MINIDUMP_USER_STREAM_INFORMATION we should state variable of type pointer and filled with its contents and the number of points the user data stream flow array. Each user data stream is described by MINIDUMP_USER_STREAM structure, which comprises a stream type (stream which serves as a unique identifier, and must be greater than LastReservedStream constant), the size and orientation of the pointer data stream. Structure shown below.
typedef struct _MINIDUMP_USER_STREAM_INFORMATION { ULONG UserStreamCount; PMINIDUMP_USER_STREAM UserStreamArray; } MINIDUMP_USER_STREAM_INFORMATION, *PMINIDUMP_USER_STREAM_INFORMATION; typedef struct _MINIDUMP_USER_STREAM { ULONG32 Type; ULONG BufferSize; PVOID Buffer; } MINIDUMP_USER_STREAM, *PMINIDUMP_USER_STREAM;
After the user data stream to the minidump, it can be read by means of MiniDumpReadDumpStream function.
Tactics
MiniDumpWriteDump feature-rich and a large number of available options makes it difficult to choose a variety of applications are equally effective strategy. In each particular case, the application developer must decide which option is useful for debugging their mission. Here I will try to describe some basic strategies, demonstrate how to apply the knowledge MiniDumpWriteDump configuration options in the actual scene. We will study used four different methods MiniDumpWriteDump data collection, and see how they affect the size and the possibility of effective minidump debugging.
TinyDump
This is actually not a real scene. Instead, the method may comprise displaying a minimum in a small set of possible data dump, at least slightly so as to be useful. MiniDumpWriteDump configuration options are summarized in the table below.
If you try to load the dump into WinDbg or small VS.NET debugger, you will see the debugger can not load it. But the mini-dump is not completely useless, because it still contains information about the exception. We can read this information manually (using MiniDumpReadDumpStream function), and view the address exception occurs, thread context, exception code when an exception occurs, even disassembly. You can use MiniDumpView tool to display this information (except for disassembly, to keep it simple).
MiniDump
And TinyDump, this approach can be used in the actual scene to collect enough debugging information, and still keep the minimum size of the dump as small as possible. The following table describes the MiniDumpWriteDump configuration options.
MidiDump
This method will generate a very large amount of information the mini-dump, its size will remain away from becoming huge. The following table describes this configuration.
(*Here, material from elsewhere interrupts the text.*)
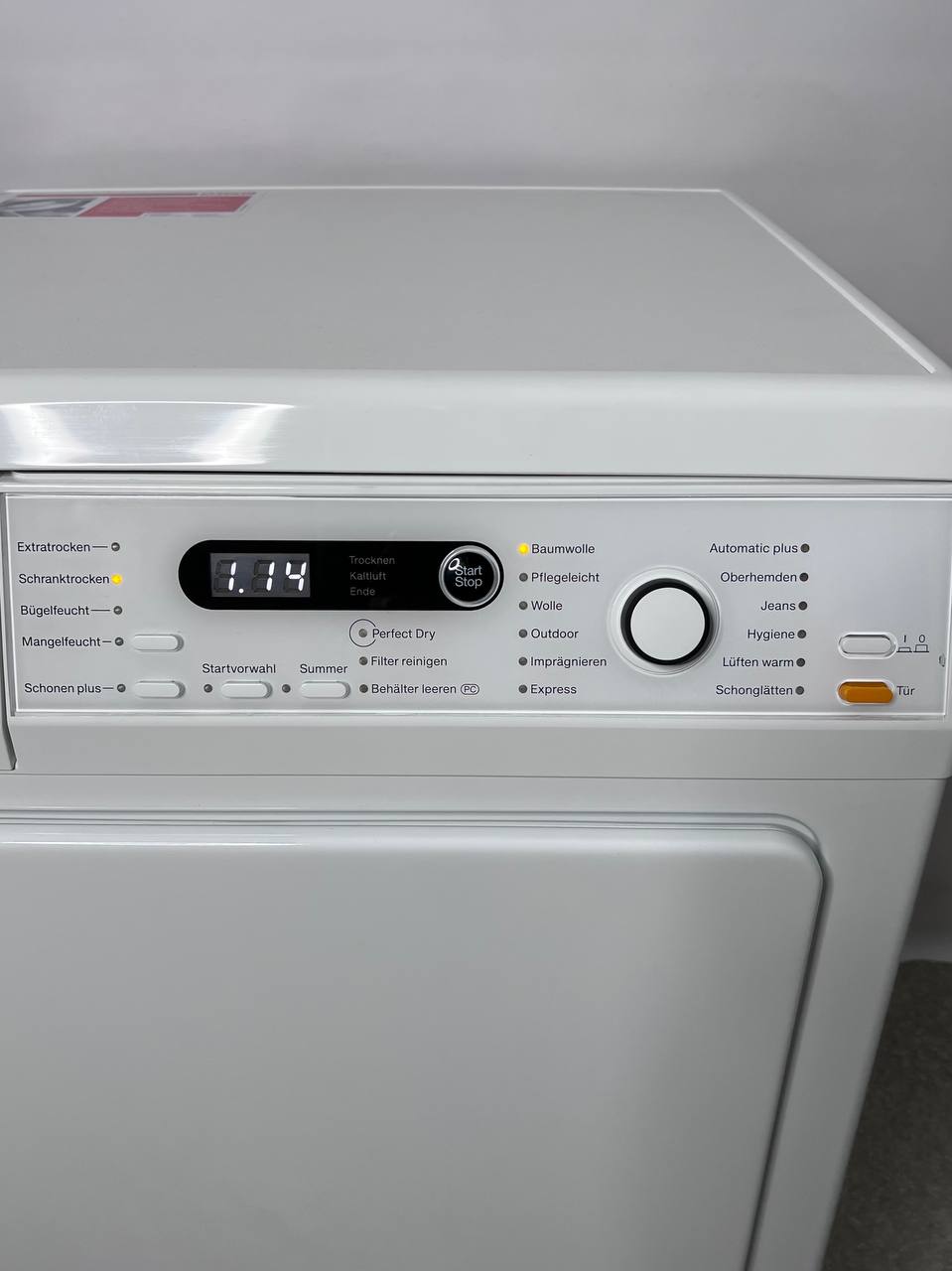 Устаткування конденсаторної сушарки вражає. Є дисплей часу, що залишився, попередній відбір часу старту до 24 годин, яскраве освітлення барабана і цілий спектр спеціальних програм.
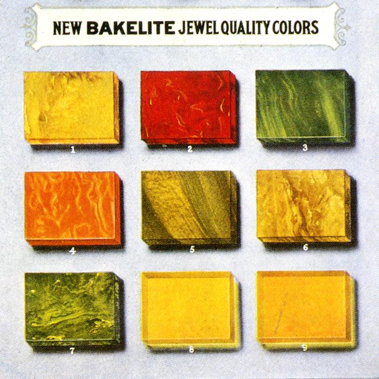 Colour chart for Bakelite 'jewel' quality colours, 1924. Bakelite was the first plastic made from synthetic components. Wikimedia Commons

On my system, the size of the mini-dump about 1350 kilobytes. When it is loaded into the debugger, we can get almost all the information about the application, including the values of global variables, stack and TLS, PEB, TEBs content. We can even get a handle information and check the virtual memory layout. A very useful garbage dump, in fact, it is not too much, because we are still concerned about the size of it - does not include the following information:
- All modules of code segment (because if we can get the module itself, you do not need them)
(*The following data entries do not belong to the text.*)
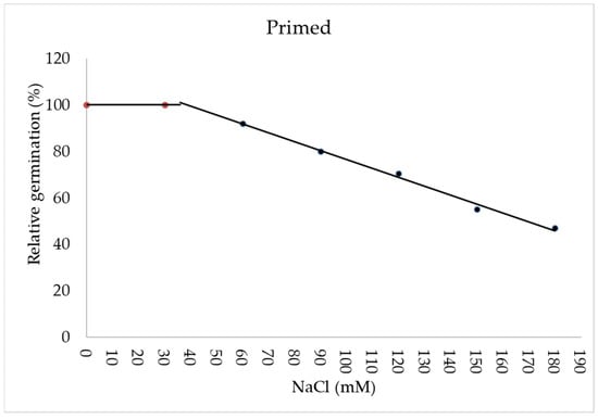 The salt tolerance threshold is a critical parameter for establishing plant salt tolerance, which is generally known as the relative yield response to increasing salinity. In this study, the results showed a negative trend between salinity and germination traits (Table 3). The germination processes of H. sabdariffa tolerated a salinity of up to 30 mM of NaCl (Table 2, Figure 5). Higher concentrations led to a collapse of the germination processes. Therefore, the 30 mM salinity of NaCl was considered the salinity tolerance threshold of H. sabdariffa. The salinity tolerance threshold of the seedlings was also influenced by the priming of the seed. Priming with NaCl (18 mM for 24 h) increased the tolerance threshold for salinity in the germination phase. The germination tolerance threshold increased from 30.23 ds/mM (in non-primed seeds) to 30.97 mM NaCl ds/m2 in primed seeds (Figure 5 and Figure 6). The results showed that priming with NaCl (18 mM for 24 h) increased the salinity tolerance threshold in the H. subdariffa germination phase. Furthermore, the slope of germination decreasing with increasing salinity was affected by priming, so that with increasing salinity, the slope of germination reduction after the tolerance threshold at the salinity point was lower in the primed seeds than in the non-primed seeds (Figure 5 and Figure 6). Priming the stem strengthened the salinity tolerance threshold and the salinity tolerance level after this point in the germination phase.
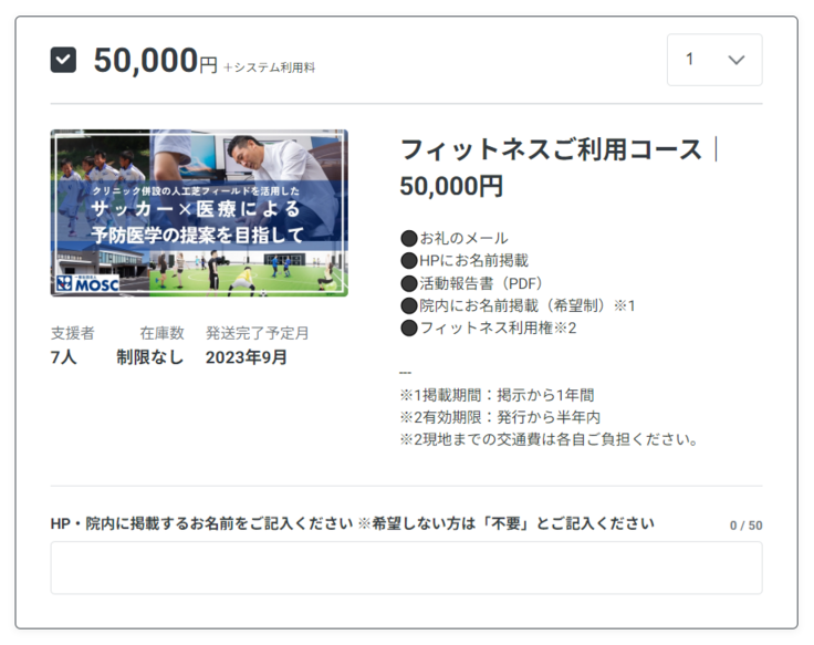 クラウドファンディングによるご縁だけでなく、皆様とフィットネスや人工芝フィールドでお会いできる日を楽しみにしております!
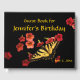 Personalize ou remova facilmente o texto deste adorável livro de hóspedes da festa de aniversário, que apresenta uma borboleta amarela e preta de Tiger Swallowtail em flores vermelhas e cor-de-rosa da Calibrachoa.

- Some modules of the data segment (we only for those who really want to see us in the debugger global variable module contains the data segment)
MaxiDump
Create a mini dump contains all possible information sets. The following table shows how to achieve this.
Even for a simple application, a mini dump is great. But it gives us access to all possible information that may be contained in a small landfills.